In ihrem Vorwort weist die Autorin darauf hin, dass ihr deutlich wurde, dass die einfachen Aktivitäten des Alltagsleben ständig Möglichkeiten bieten, den autonomen Zustand zu beeinflussen. Sie entwickelte daher eine Reihe von Übungen, die das Nervensystem nähren.
Aufbau
Das Buch besteht aus zwei Teilen und einem Anhang. Im ersten Teil beschreibt Deb Dana auf 38 Seiten die theoretischen Grundlagen und die Prinzipien der Polyvagal-Theorie. Im zweiten Teil werden die Übungen gegliedert nach Schwerpunkten vorgestellt. Zu diesen Schwerpunkten bietet das Buch im Anhang auf 81 Seiten Arbeitsblätter für die Durchführung der Übungen.
Inhalt
Nach einem Vorwort von Stephen W. Porges, dem Begründer der Polyvagal-Theorie und einer Danksagung vermittelt die Autorin in einer kurzen Einleitung ihr Anliegen. Die Übungen im Buch sollen Klienten helfen ihre Zeit „zwischen den Therapiesitzungen auf dem Weg zu einem ventral-vagalen Kipppunkt zu unterstützen.“ (S. 16).
Im 38-seitigen Teil I werden in drei Unterkapiteln über das autonome Nervensystem die wichtigsten Prinzipien der Polyvagal-Theorie erläutert. Hierzu gehören die autonome Hierarchie des autonomen Nervensystems, die Neurozeption und die Co-Regulation. Ergänzend empfiehlt die Autorin ihren LeserInnen die vorgestellten kleinen Übungen durchzuführen um das theoretische Fundament zu verdeutlichen. Zudem weist sie darauf hin, dass durchschnittlich 66 Tage des Übens erforderlich sind bis eine Aktivität automatisiert ist. Grundlegend für die Autorin ist die Erkenntnis, dass ein zentraler Bestandteil des Wohlbefindens eine zuverlässige eintretende Co-Regulation ist. Daher könnten Traumata in Bezug auf Porges als chronische Unterbrechung von Verbundenheit beschrieben werden. Ein Trauma erzeuge unablässig Überlebensreaktionen, die im autonomen Nervensystem einen Zustand der Verbundenheit und Sicherheit verhindern. Daher sei es wichtig, dass sich Menschen gemeinsam der Co-Regulation widmen und in einem Zustand der Sicherheit verbunden sind.
In der Einleitung des zweiten Teils vermittelt die Autorin einen Überblick über den sogenannten BASIC-Rahmen (Befriend (sich vertraut machen), Attend (beachten), Shape (Formung), Integrate (Integrieren), Connect (Kontakt herstellen) und erläutert, wie die Übungen KlientInnen helfen können, die Fähigkeit mit den eigenen autonomen Reaktionen in Verbindung zu treten zu verbessern. Hierbei beziehen sich die Kapitel 4 bis 8 jeweils auf ein Element des BASIC-Rahmens. Vorgestellt werden Übungen, die die KlientInnen in der Zeit zwischen den Therapiesitzungen nutzen können. Dabei beginnt jedes Kapitel mit einer kurzen Einleitung über Forschungsergebnisse, dem schließen sich Übungsbeschreibungen an. Zudem wird der angestrebte Nutzen beschrieben, gefolgt von einer schrittweisen Darstellung der Ausführung. Abschließend werden Tipps für die TherapeutInnen benannt.

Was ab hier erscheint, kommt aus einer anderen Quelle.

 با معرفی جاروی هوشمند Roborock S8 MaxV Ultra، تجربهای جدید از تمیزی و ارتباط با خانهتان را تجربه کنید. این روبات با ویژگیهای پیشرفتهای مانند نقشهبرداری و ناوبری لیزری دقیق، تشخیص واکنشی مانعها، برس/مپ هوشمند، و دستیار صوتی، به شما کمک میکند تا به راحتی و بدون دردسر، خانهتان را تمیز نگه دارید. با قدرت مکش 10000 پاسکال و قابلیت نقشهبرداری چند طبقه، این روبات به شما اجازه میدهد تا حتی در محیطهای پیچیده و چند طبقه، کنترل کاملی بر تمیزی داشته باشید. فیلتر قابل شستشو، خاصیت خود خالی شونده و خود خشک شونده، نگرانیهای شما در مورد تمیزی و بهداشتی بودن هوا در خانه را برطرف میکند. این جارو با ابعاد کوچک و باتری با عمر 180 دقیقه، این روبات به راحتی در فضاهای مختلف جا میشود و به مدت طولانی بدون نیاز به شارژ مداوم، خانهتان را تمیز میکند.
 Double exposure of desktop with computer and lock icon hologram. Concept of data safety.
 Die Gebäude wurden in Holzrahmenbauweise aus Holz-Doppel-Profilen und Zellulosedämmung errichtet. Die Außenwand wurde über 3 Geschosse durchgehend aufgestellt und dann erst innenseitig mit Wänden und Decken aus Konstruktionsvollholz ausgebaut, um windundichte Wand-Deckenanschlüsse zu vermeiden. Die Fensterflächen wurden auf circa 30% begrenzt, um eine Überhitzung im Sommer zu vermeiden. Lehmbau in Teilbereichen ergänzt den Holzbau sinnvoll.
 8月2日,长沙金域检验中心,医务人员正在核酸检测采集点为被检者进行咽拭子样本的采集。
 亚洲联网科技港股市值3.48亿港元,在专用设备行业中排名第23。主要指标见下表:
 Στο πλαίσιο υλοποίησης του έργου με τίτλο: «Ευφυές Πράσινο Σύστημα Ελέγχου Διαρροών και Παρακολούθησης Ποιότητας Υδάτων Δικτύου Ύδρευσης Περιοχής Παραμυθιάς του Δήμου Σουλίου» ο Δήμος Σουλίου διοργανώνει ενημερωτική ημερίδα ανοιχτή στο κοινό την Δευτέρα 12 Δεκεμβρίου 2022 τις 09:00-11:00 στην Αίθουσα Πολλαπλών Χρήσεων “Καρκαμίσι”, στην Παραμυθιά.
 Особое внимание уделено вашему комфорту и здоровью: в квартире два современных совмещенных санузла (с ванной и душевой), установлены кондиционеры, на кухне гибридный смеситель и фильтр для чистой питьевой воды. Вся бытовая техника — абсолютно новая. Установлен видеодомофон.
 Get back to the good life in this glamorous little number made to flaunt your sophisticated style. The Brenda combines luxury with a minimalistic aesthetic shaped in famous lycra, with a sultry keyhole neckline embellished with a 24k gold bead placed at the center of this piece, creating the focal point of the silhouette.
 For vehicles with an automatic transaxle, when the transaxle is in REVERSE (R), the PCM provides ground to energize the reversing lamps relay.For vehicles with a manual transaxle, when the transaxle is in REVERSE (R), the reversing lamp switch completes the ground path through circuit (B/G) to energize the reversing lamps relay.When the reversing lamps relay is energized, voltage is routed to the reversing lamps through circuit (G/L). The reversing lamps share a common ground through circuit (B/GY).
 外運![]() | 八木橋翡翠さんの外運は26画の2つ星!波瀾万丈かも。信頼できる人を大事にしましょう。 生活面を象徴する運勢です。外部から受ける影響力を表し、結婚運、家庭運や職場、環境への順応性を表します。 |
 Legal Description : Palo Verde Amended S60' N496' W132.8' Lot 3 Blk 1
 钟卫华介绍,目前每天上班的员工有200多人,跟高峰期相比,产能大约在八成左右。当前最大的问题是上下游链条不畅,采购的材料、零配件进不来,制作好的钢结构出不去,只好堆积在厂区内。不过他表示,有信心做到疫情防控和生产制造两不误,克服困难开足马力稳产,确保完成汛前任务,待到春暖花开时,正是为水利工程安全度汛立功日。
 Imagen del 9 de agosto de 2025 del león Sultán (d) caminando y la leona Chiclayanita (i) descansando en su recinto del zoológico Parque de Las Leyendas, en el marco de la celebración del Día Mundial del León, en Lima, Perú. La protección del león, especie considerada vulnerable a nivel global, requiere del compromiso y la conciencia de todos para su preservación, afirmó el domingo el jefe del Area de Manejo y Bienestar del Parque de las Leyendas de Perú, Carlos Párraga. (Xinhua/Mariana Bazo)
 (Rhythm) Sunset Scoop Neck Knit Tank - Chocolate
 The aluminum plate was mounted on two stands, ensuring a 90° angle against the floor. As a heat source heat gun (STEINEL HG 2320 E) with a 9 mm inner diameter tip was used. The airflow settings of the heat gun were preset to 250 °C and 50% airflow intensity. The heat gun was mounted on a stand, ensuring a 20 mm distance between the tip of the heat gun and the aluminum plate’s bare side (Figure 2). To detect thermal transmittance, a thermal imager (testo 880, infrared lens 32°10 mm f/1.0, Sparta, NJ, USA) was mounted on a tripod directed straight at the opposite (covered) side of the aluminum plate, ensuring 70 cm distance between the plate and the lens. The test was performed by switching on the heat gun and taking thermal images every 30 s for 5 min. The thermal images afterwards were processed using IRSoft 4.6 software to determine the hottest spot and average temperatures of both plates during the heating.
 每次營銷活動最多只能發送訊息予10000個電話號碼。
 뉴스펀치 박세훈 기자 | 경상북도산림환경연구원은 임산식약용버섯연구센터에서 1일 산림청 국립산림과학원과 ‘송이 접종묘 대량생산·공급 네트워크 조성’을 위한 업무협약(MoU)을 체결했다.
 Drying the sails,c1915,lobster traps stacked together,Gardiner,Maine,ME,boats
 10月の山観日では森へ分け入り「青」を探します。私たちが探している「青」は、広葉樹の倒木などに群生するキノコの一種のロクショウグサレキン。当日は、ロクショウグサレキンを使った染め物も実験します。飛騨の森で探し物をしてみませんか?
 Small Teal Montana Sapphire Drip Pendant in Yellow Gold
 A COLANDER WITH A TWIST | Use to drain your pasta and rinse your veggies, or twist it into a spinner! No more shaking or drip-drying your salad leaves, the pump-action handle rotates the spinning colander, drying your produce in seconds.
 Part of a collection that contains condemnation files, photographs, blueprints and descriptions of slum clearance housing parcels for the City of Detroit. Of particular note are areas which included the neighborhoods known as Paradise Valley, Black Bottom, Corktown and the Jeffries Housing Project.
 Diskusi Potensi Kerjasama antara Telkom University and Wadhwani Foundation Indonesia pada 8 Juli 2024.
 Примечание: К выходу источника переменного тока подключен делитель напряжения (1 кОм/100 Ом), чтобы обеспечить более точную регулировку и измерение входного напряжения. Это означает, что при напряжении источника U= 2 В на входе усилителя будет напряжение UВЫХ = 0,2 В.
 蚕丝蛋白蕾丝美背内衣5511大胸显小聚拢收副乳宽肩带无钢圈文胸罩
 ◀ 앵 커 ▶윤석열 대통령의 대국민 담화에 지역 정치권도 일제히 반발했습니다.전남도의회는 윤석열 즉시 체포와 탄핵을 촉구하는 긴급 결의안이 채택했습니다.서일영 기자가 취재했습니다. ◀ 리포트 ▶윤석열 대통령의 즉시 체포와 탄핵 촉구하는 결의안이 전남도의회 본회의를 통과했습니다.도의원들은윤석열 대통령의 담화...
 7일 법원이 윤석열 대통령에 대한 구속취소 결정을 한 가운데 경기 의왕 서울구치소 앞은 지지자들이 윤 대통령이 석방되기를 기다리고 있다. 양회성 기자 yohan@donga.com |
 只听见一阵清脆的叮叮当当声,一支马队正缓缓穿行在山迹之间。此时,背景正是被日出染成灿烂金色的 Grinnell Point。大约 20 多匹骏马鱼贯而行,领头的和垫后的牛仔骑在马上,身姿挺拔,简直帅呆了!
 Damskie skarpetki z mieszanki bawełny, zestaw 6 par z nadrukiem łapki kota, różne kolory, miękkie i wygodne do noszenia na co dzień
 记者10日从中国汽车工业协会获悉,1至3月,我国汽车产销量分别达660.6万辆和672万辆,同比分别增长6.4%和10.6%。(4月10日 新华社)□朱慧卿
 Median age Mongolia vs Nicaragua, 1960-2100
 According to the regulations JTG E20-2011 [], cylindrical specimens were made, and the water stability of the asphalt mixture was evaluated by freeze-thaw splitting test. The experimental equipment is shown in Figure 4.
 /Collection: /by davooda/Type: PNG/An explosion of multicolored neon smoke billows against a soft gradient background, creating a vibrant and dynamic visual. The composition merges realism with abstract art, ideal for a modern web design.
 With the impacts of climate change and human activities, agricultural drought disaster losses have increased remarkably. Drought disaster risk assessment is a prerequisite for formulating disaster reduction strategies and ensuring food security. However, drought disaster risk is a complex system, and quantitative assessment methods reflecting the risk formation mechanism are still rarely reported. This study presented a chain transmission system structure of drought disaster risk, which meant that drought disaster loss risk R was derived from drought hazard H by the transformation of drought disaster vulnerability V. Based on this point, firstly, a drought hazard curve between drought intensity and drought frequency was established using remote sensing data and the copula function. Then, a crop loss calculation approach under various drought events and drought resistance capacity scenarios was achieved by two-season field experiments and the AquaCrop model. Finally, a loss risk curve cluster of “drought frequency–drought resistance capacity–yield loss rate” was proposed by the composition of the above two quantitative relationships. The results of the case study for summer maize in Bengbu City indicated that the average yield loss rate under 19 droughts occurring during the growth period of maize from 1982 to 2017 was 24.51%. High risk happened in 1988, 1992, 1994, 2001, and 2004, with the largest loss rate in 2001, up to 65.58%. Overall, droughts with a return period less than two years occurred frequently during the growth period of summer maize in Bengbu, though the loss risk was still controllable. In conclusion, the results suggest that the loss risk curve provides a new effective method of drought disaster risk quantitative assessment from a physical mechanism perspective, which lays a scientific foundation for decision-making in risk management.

Der 67-seitige Anhang enthält nach einer Einführung Arbeitsblätter für die Übungen, die die klinische Arbeit ergänzen und den Klienten die Möglichkeit geben, sich auch außerhalb der Therapiesitzungen aktiv dem Prozess der autonomen Reorganisation zu widmen.
Das Buch schließt mit dem Literaturverzeichnis und einem Personen- und Stichwortverzeichnis.
Diskussion
Deb Dana bietet TherapeutInnen, die im Kontext der Polyvagal-Theorie ihre Arbeit mit traumatisierten Klienten erweitern wollen, eine Fülle von Übungen. Hierbei leitet Deb Dana die LeserInnen sachkundig an, wahrzunehmen, zu reflektieren und sich so darüber klar zu werden, inwiefern unser inneres Beobachtungssystem – die ‚Sicherheitseinstellungen‘ des Autonomen Nervensystems – die Grundlage unseres Fühlens, Handelns und Denkens ist. Mit Hilfe des Buches kann die eigene Physiologie besser kennengelernt werden und dadurch Voraussetzungen für eine neu zu erwerbende Sicherheit und Verbundenheit geschaffen werden.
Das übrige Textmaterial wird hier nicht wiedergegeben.